:: SOURCE RECORDS ::
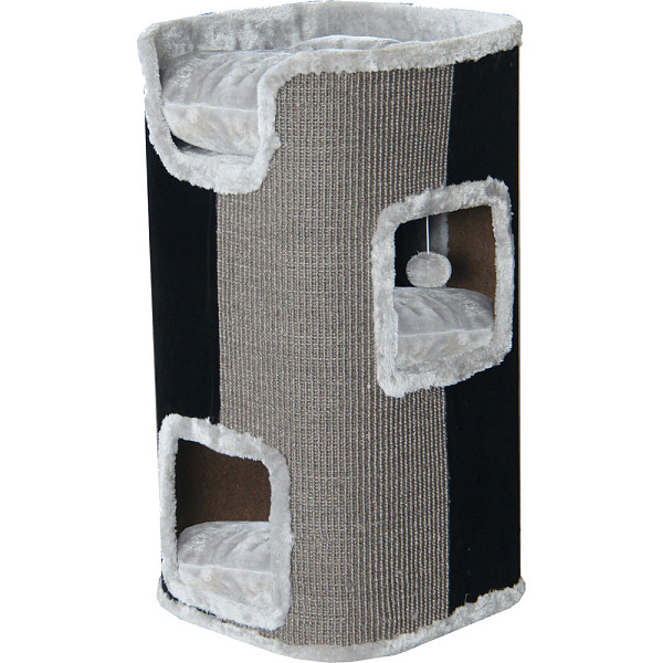 Modern model met twee gaten en drie comfortabele ligplaatsen. Buitenzijde bekleed met krabmat. Incl. pluchen kussentjes en een speelballetje. Afm. 43 x 43 x 75 cm.
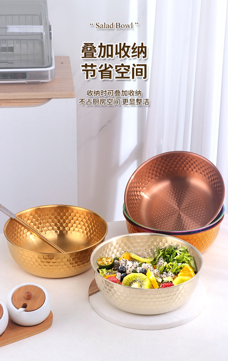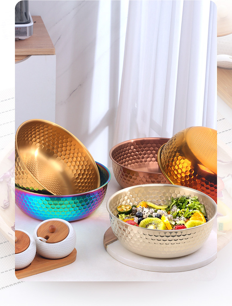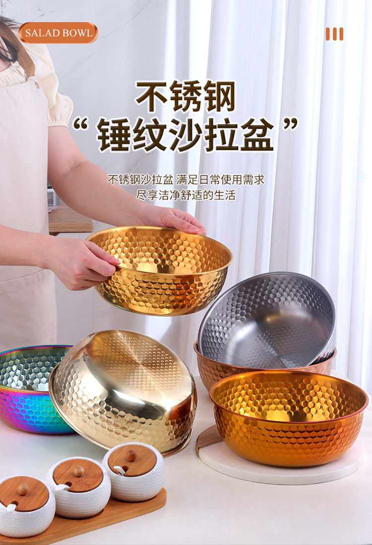 두꺼운 스테인레스 스틸 샐러드 분지 해머 패턴 미끄럼 방지 계란 분지 가정용 주방 베이킹 및 분지 요리 분지 [상품
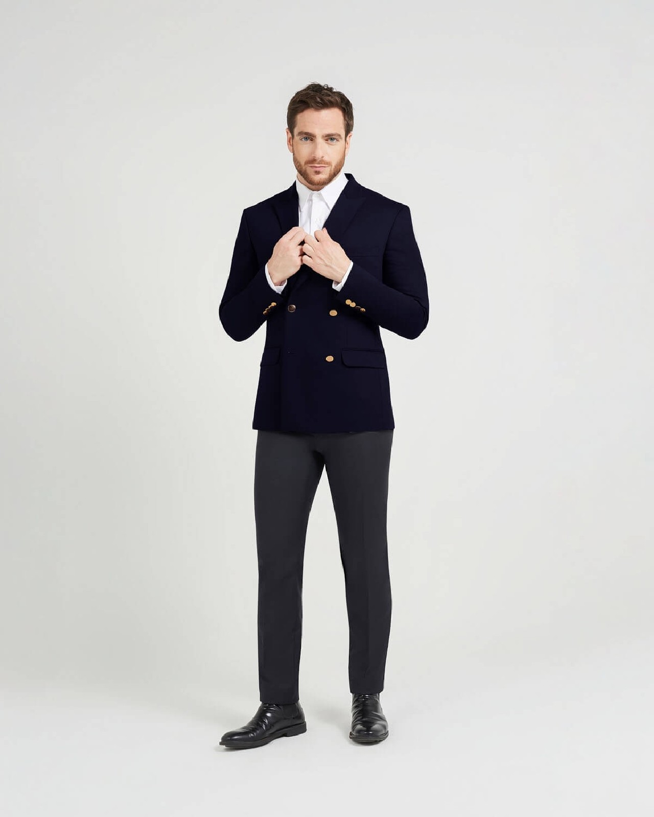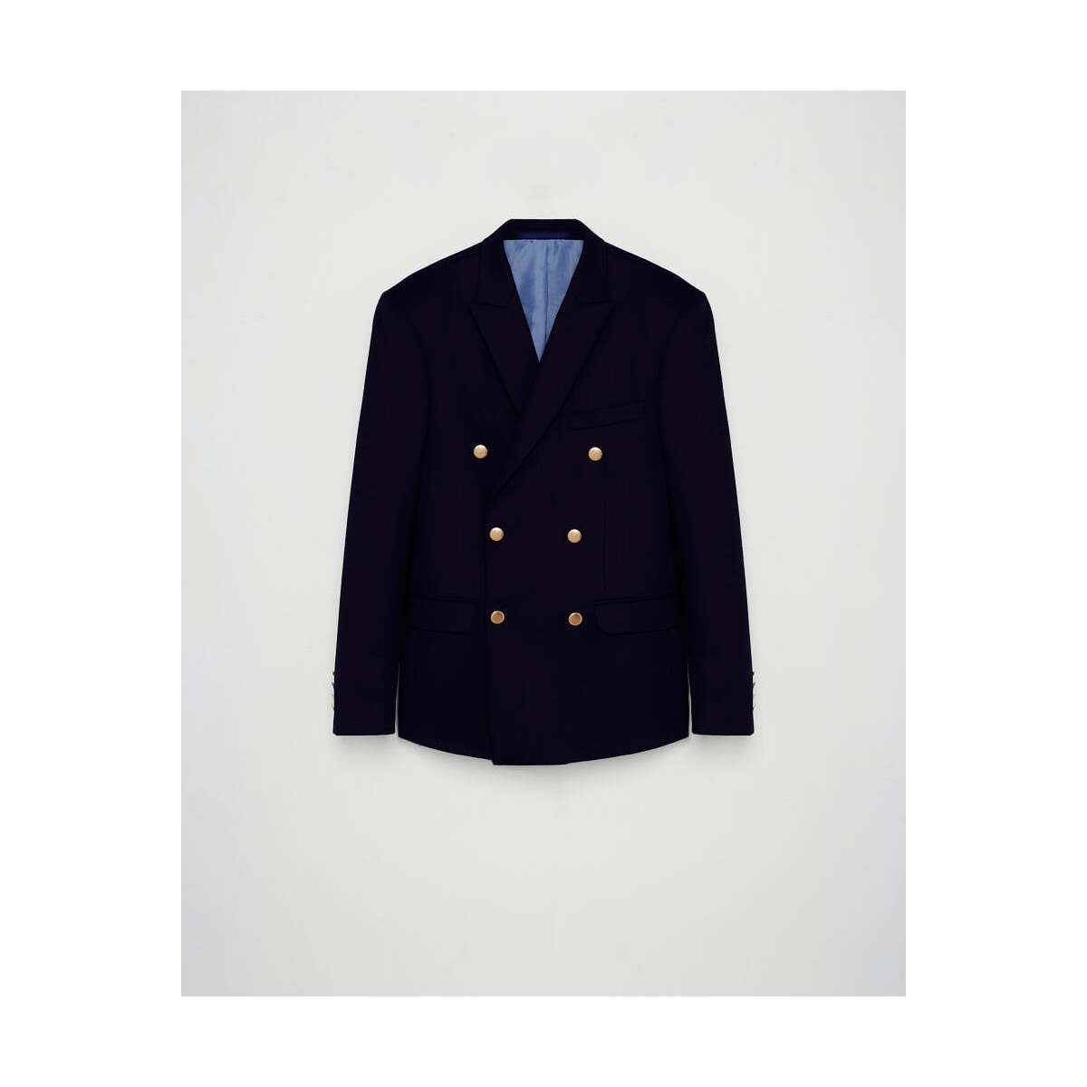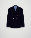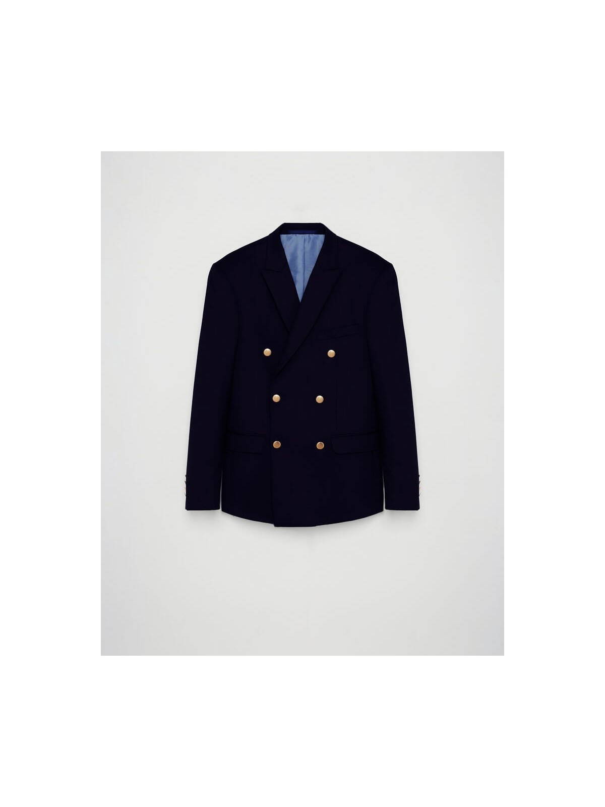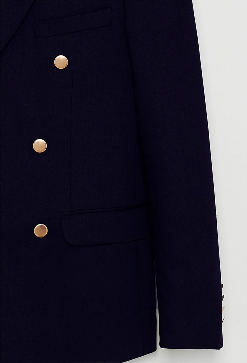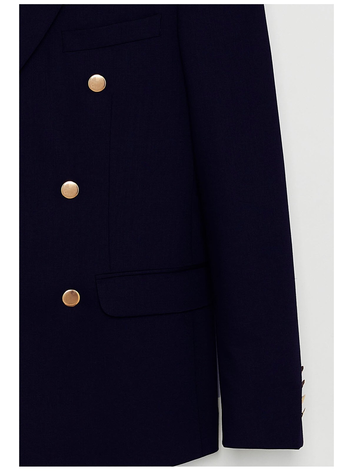Blazer croisé double a col aiguille. Fermeture par boutons en metal doré. Deux poches rabats une poche gilet poitrine .Pinces devant et dos. Fentes au dos.
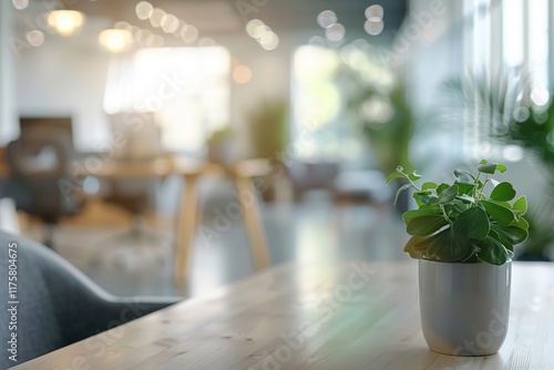 Modern office plant on wooden desk, blurred background.
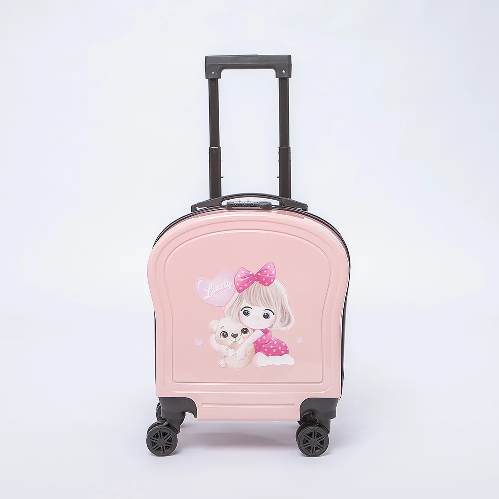 Чемодан-спиннер от торговой марки Ecotope из ударопрочного ABS пластика и поликарбоната в розовом цвете с изображением девочки и мишки. Модель на четырех колесах, с выдвижной ручкой и ручкой-переноской сверху. Закрывается молнией, имеется кодовый замок. Внутри: фирменная подкладка, в одной из частей - клапан-разделитель на молнии, в другой - перекрестные ремни для фиксации багажа.
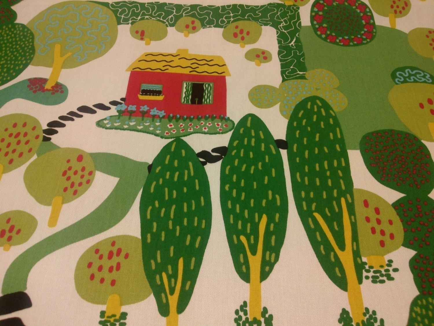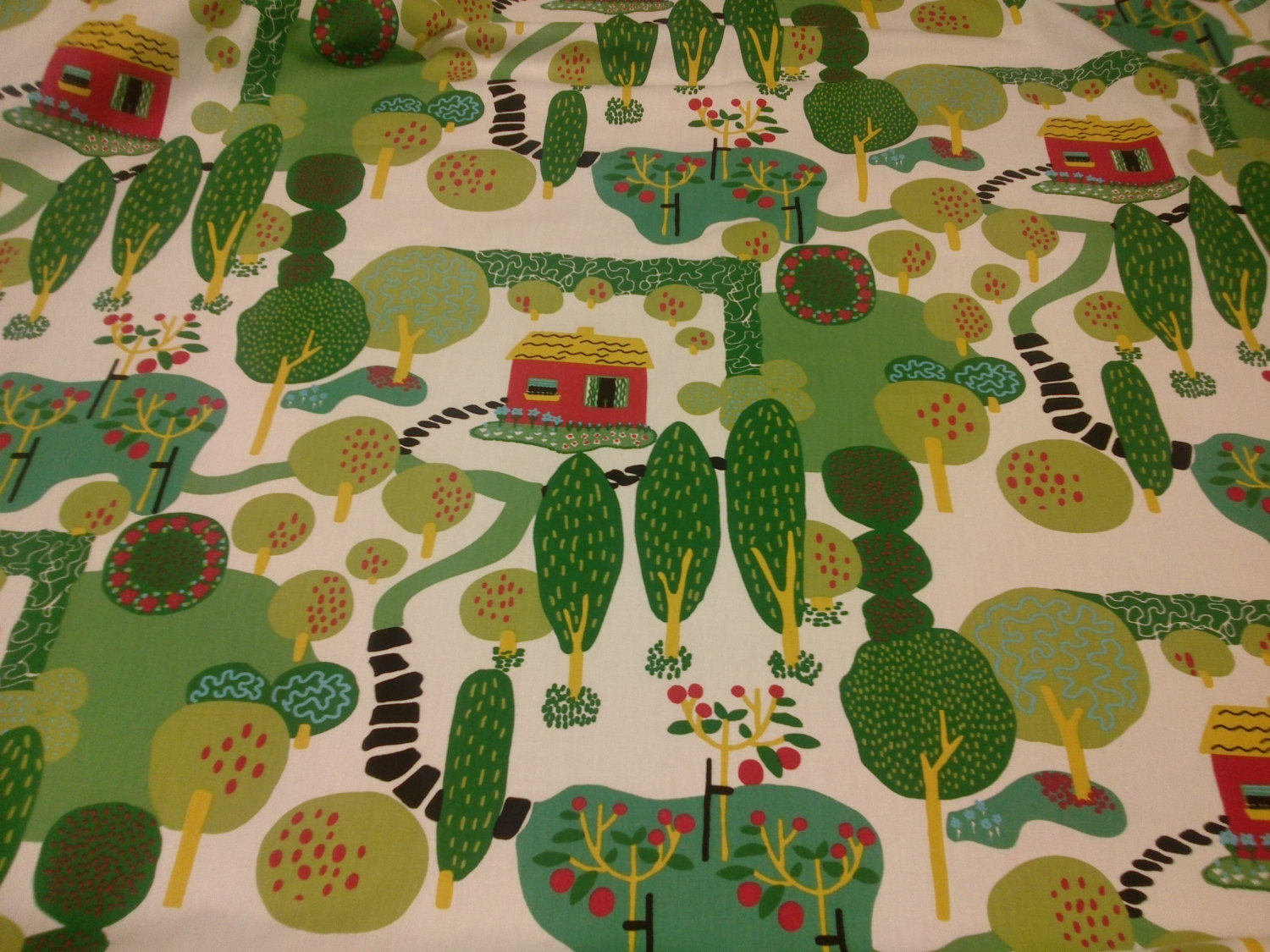 Be the first to review “Tablecloth White green trees pink Houses Kids room Modern Scandinavian Design , runner , napkins , pillow , curtain available, great GIFT”
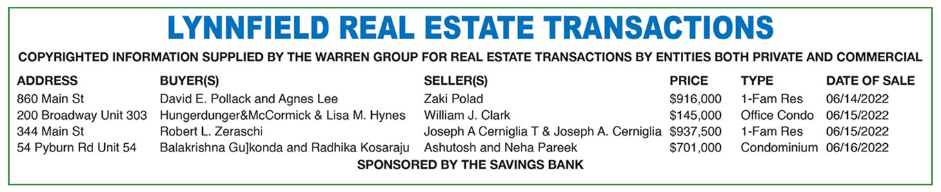 Lynnfield Real Estate Transactions published July 20, 2022
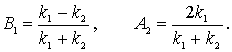 Система уравнений (4.32) позволяет выразить коэффициенты  и  через коэффициент  , т.е. через амплитуду падающей на порог волны де Бройля. Поскольку в подобных задачах все имеющие физический смысл величины, такие, например, как коэффициент отражения частицы от порога, коэффициент прохождения и т.д. выражаются через отношение коэффициентов  и  ( или аналогичных им ) к  , то без потери общности можно положить  . При этом для  и  из (4.32) получаем
:::
**TASK OBJECTIVE:** Return only the lines running from the top of the data to the line that holds "Modern office plant". Include both of those lines, but skip the pictures.

**SOLUTION TO THE PROBLEM:**
 Modern model met twee gaten en drie comfortabele ligplaatsen. Buitenzijde bekleed met krabmat. Incl. pluchen kussentjes en een speelballetje. Afm. 43 x 43 x 75 cm.
 두꺼운 스테인레스 스틸 샐러드 분지 해머 패턴 미끄럼 방지 계란 분지 가정용 주방 베이킹 및 분지 요리 분지 [상품
Blazer croisé double a col aiguille. Fermeture par boutons en metal doré. Deux poches rabats une poche gilet poitrine .Pinces devant et dos. Fentes au dos.
 Modern office plant on wooden desk, blurred background.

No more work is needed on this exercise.